* **DIRECTIONS**:
Give a verbatim copy of the lines below, minus the pictures.

* **INFORMATION SHOWN**:

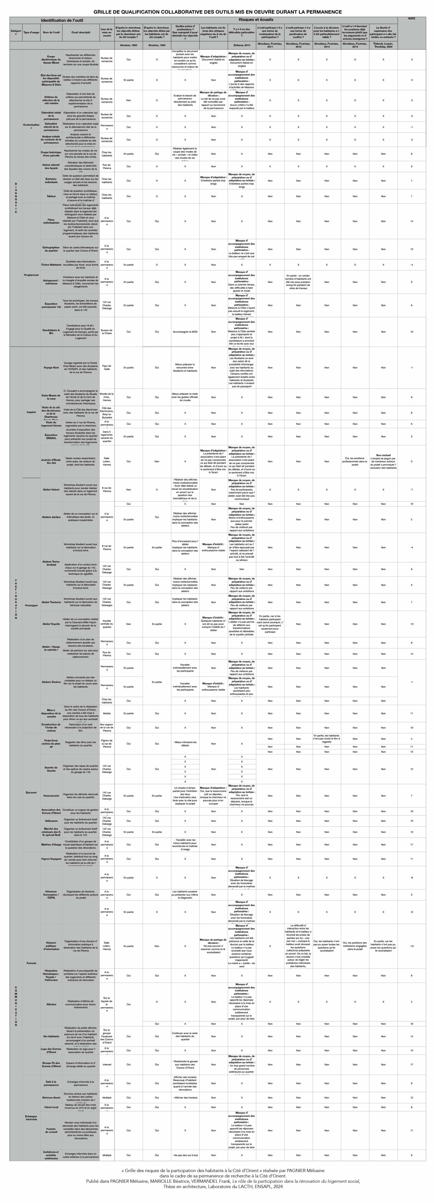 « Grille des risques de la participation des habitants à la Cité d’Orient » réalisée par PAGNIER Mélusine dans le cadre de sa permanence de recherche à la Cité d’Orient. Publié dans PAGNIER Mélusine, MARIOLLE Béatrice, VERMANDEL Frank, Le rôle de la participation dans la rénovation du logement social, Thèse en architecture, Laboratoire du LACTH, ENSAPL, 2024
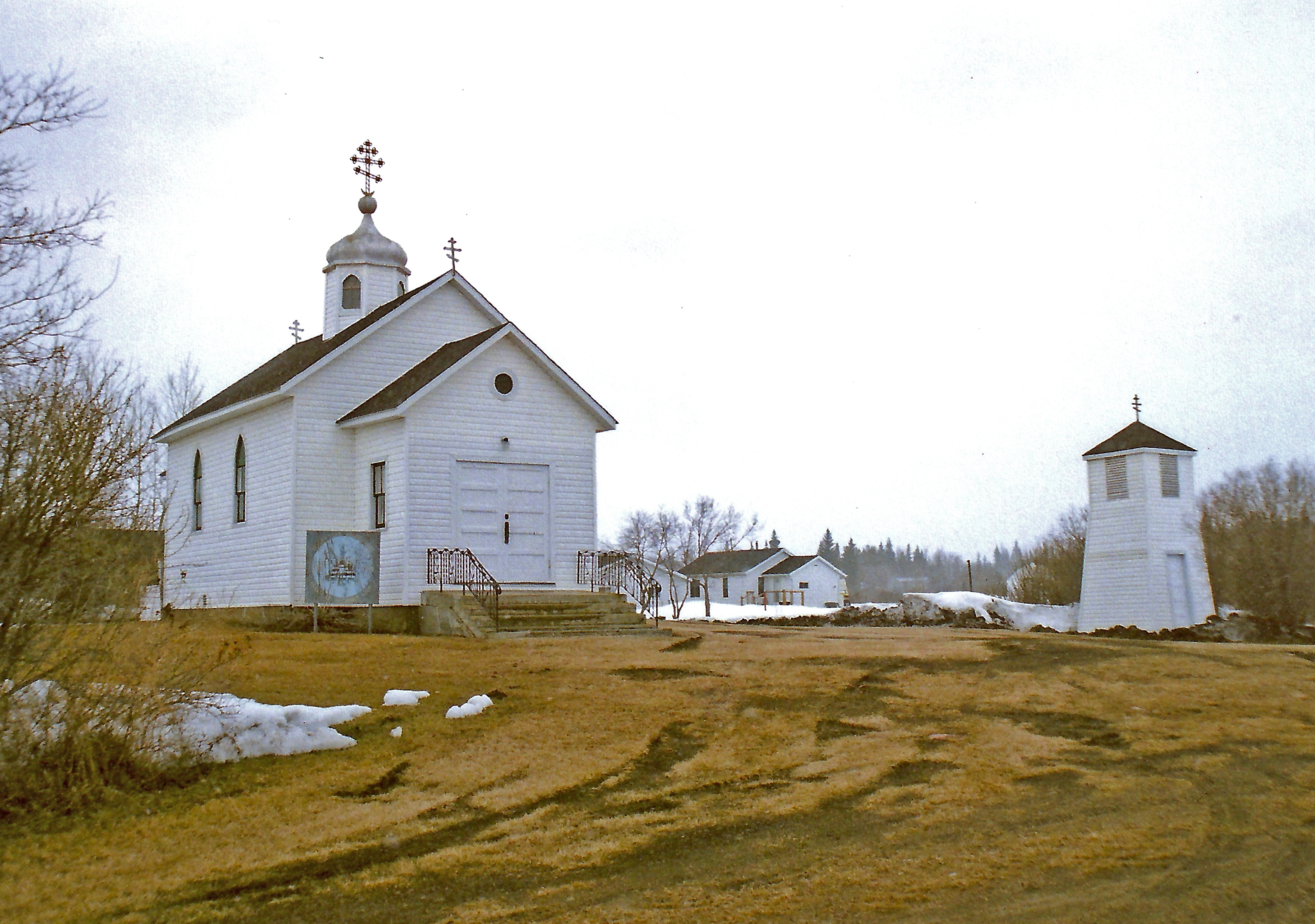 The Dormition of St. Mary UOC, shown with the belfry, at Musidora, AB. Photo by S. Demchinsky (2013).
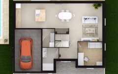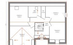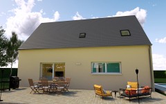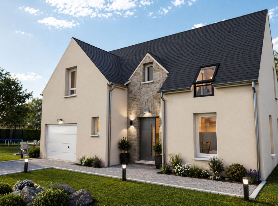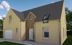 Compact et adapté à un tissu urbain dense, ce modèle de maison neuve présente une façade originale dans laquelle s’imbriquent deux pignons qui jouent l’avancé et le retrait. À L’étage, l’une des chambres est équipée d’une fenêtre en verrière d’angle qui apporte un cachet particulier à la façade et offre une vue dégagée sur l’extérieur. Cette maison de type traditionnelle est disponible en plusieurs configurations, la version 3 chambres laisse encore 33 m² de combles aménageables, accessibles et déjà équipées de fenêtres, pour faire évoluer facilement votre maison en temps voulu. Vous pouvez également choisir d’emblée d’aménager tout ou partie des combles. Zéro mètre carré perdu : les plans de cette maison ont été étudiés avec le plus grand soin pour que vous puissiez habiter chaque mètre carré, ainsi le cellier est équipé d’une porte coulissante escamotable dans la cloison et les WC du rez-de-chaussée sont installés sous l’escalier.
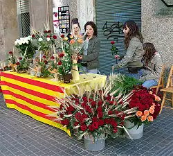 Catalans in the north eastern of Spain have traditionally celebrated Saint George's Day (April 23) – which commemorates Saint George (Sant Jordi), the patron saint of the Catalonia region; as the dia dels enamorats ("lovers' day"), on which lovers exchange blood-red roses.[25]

* **ANSWER AREA**:
 « Grille des risques de la participation des habitants à la Cité d’Orient » réalisée par PAGNIER Mélusine dans le cadre de sa permanence de recherche à la Cité d’Orient. Publié dans PAGNIER Mélusine, MARIOLLE Béatrice, VERMANDEL Frank, Le rôle de la participation dans la rénovation du logement social, Thèse en architecture, Laboratoire du LACTH, ENSAPL, 2024
 The Dormition of St. Mary UOC, shown with the belfry, at Musidora, AB. Photo by S. Demchinsky (2013).
 Compact et adapté à un tissu urbain dense, ce modèle de maison neuve présente une façade originale dans laquelle s’imbriquent deux pignons qui jouent l’avancé et le retrait. À L’étage, l’une des chambres est équipée d’une fenêtre en verrière d’angle qui apporte un cachet particulier à la façade et offre une vue dégagée sur l’extérieur. Cette maison de type traditionnelle est disponible en plusieurs configurations, la version 3 chambres laisse encore 33 m² de combles aménageables, accessibles et déjà équipées de fenêtres, pour faire évoluer facilement votre maison en temps voulu. Vous pouvez également choisir d’emblée d’aménager tout ou partie des combles. Zéro mètre carré perdu : les plans de cette maison ont été étudiés avec le plus grand soin pour que vous puissiez habiter chaque mètre carré, ainsi le cellier est équipé d’une porte coulissante escamotable dans la cloison et les WC du rez-de-chaussée sont installés sous l’escalier.
 Catalans in the north eastern of Spain have traditionally celebrated Saint George's Day (April 23) – which commemorates Saint George (Sant Jordi), the patron saint of the Catalonia region; as the dia dels enamorats ("lovers' day"), on which lovers exchange blood-red roses.[25]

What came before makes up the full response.